Preparing them to thrive at Princeton and beyond
Bridge Year alumni said the year abroad focused on service learning better prepared them to excel at Princeton and beyond.
“Spending a year learning outside of a traditional classroom environment allowed me to reflect on what I was most passionate about,” Ashmead said. “I had a wider sense of the possibilities on the horizon, and consequently, I think I was able to really make the most of my time at Princeton.”
Avaneesh Narla, Class of 2017, grew up in Kolkata and Hyderabad, India, and is an assistant professor of integrated sciences at Claremont McKenna College. He participated in Bridge Year’s former location in Peru, where he helped build clean-burning stoves in rural villages and started an afterschool program for local children.
“One of the biggest reasons I applied to Bridge Year was that I wasn’t sure what I wanted to study in college. It was an opportunity for discovery and reflection,” he said.
Bridge Year completely shifted his perspective, Narla said. “Instead of thinking of Princeton as just a step to accomplish my next goal, I started to focus on what really intellectually stimulated me.”
For Narla, that meant studying a broad range of subjects, from philosophy and linguistics to math and physics. A PIIRS Global Seminar in Geneva was followed by a summer research opportunity at CERN, the European organization for nuclear research, which cemented his focus on physics. He earned his Ph.D. in physics from the University of California-San Diego and completed a postdoc at Stanford.
Tyler Rudolph, Class of 2016, didn’t know many people from his rural Colorado high school who had attended Princeton. He said Bridge Year gave him a strong foundation, allowing him to thrive once on campus.

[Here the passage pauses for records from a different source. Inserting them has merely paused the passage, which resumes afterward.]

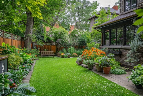 Naklejka premium Manicured backyard garden with green grass, flowers, and trees, Montreal home with wooden fence and seating area, small bench with potted plants and flower beds, lush foliage, vibrant colors
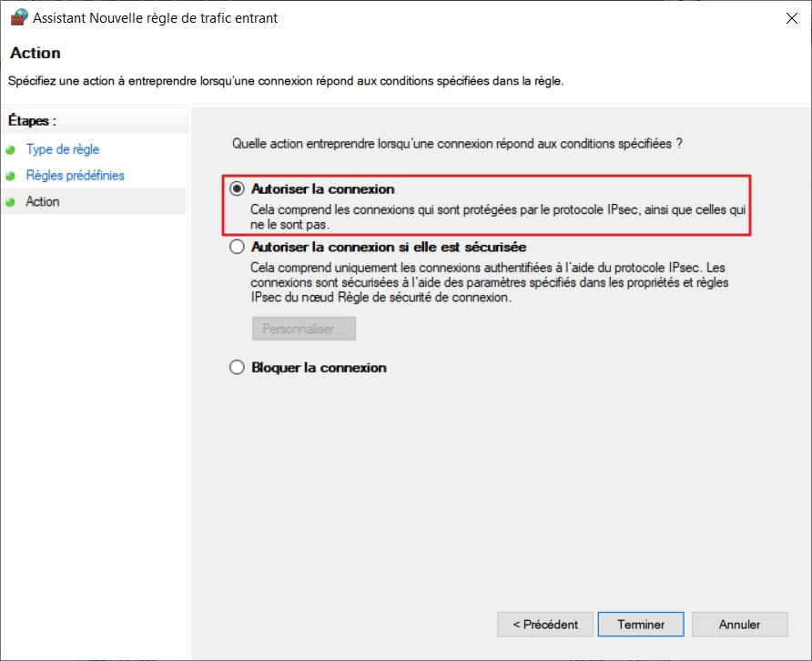 • Configurez les règles entrantes pour autoriser les connexions provenant de la plage d’adresses IP des postes protégés.
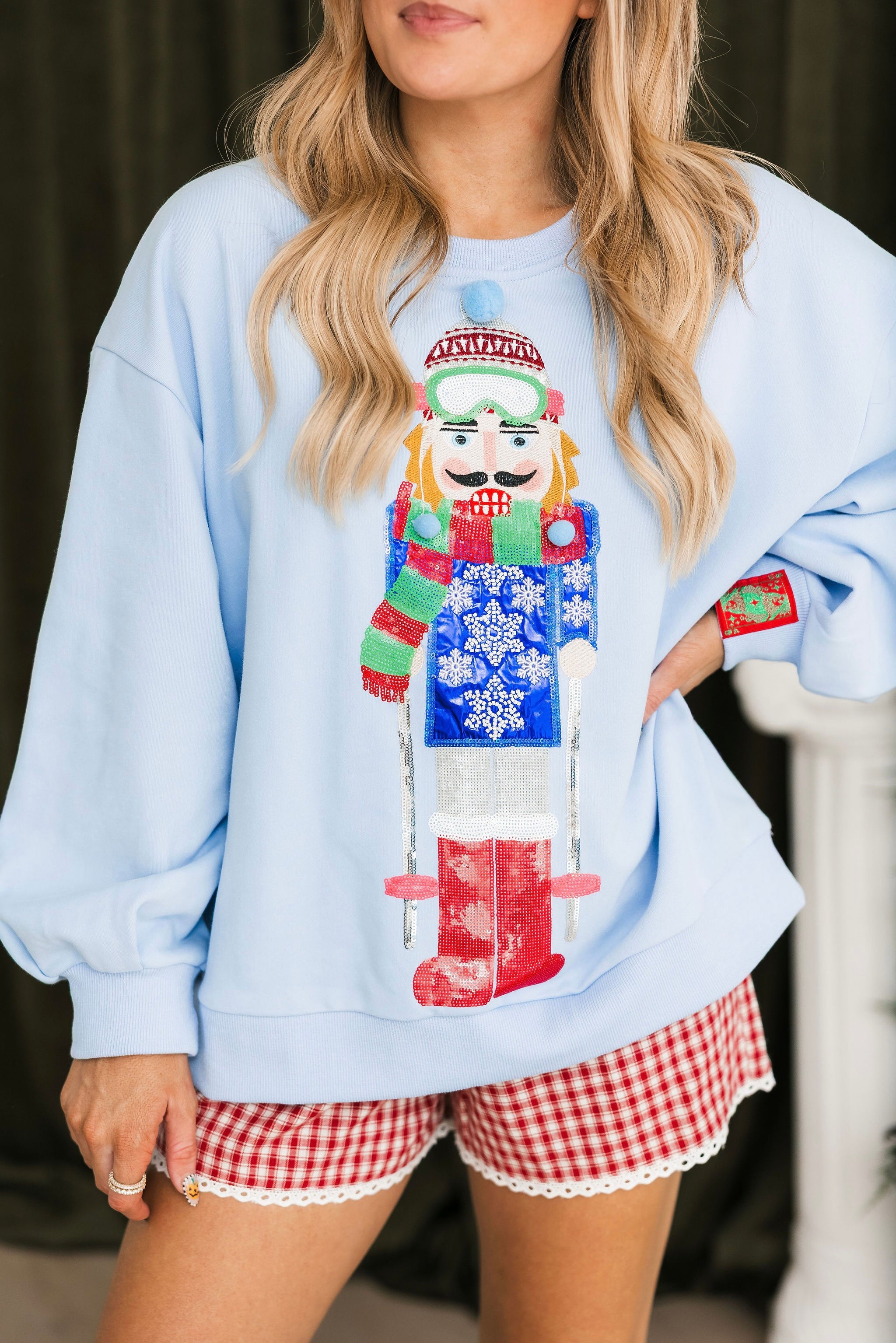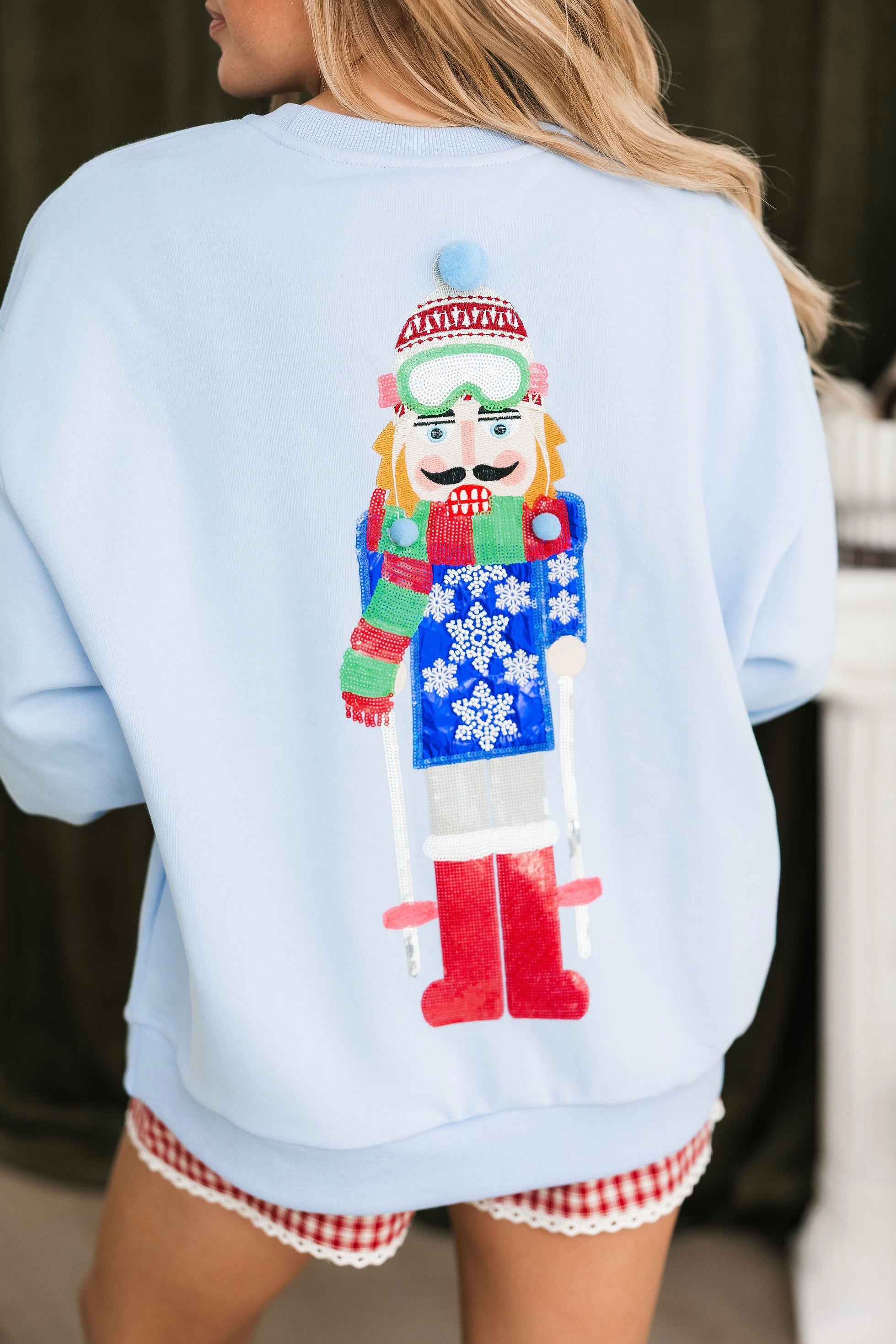 Powder Blue Skiing Nutcracker Sweatshirt | Queen Of Sparkles
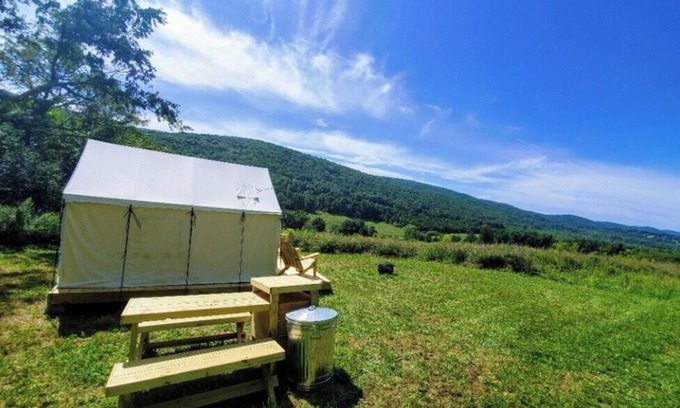 Breathtaking views from the highest point on our farm. Enjoy the stars at night and sweeping view of hills and valley directly from your tent site. Access your site directly and privately from the main road via a tractor entrance. You can park at the bottom of the ridge and walk only 2-3 minutes up the mowed path to your private tent site, under the shade of many beautiful large trees. 4-wheel drive vehicles can park directly at site.
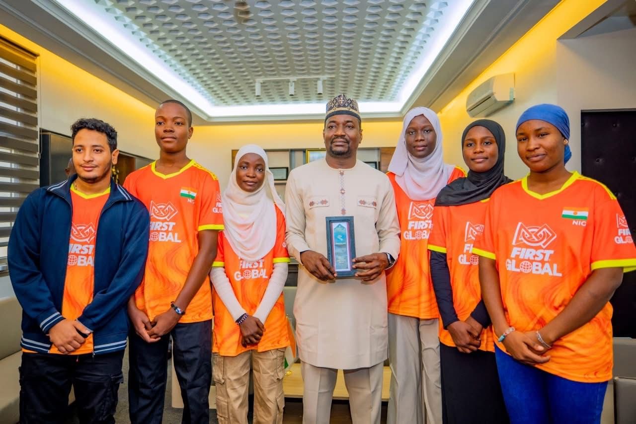 Le Ministre de la Communication et des Nouvelles Technologies de l’Information, Adji Ali Salatou, a reçu à son cabinet la Team Niger Robotics, qui a représenté le Niger au Championnat international de robotique First Global Challenge 2025. L’équipe, composée de quatre jeunes étudiants âgés de 14 à 18 ans, dont une fille, et de leur mentor, a participé à la compétition autour du thème « Eco-Equilibrium ». Les jeunes nigériens ont remporté deux distinctions majeures : le Prix « Social Media Challenge » et le Prix « Best Mentor », attribué à leur encadrant Daouda Hamadou. Lors de la rencontre, le Ministre a salué les efforts de la jeunesse nigérienne et souligné l’importance de soutenir les initiatives technologiques locales pour développer le capital humain du pays. Il a rappelé que ces projets contribuent à la refondation nationale et mettent en lumière le potentiel innovant des jeunes talents nigériens. Cette audience illustre l’engagement du gouvernement à promouvoir les compétences scientifiques et technologiques auprès de la jeunesse.
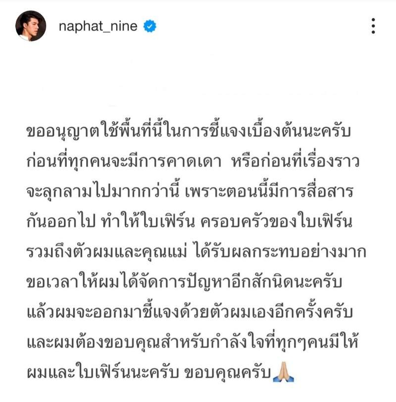 啊咧,真的分手了!是達,泰國藝人小九(Nine Naphat)四號召開記者會,正式官宣和Baifern小水平采娜分手。

“Bridge Year really challenges and pushes you, but in a way that is intentional and supportive,” said Rudolph, who spent a year at Bridge Year’s former location in India. “I really felt comfortable exploring and trying new things.”
He was in Engineers Without Borders, where he led projects in Sierra Leone, studied Chinese and spent a year studying in Beijing as a Schwarzman Scholar after graduation. An operations research and financial engineering major, Rudolph now works as a vice president at Galvanize Climate, a global investment firm focused on energy innovation.
Fostering lifelong connections
Alumni said one of the most treasured outcomes of Bridge Year are the lifelong connections they made during their time abroad.
Narla grew close to his homestay family and visits them when he returns to Peru for research projects in the Amazon. “I had a homestay brother and many cousins around my age and I really developed close bonds with their whole family.”
Coley said all six students in her Bridge Year Bolivia cohort, as well as their on-site director, attended her recent wedding.
“What Bridge Year gave me that was so invaluable is starting college with a group of people who knew me deeply,” she said.
Rudolph agreed. “The depth of the relationships I have with my Bridge Year peers supported and sustained me through my time at Princeton and in life all these years later,” he said.

Bridge Year Bolivia students. Bridge Year currently offers tuition-free, service-learning programs for incoming Princeton students in Bolivia, Cambodia, China, Indonesia and Senegal.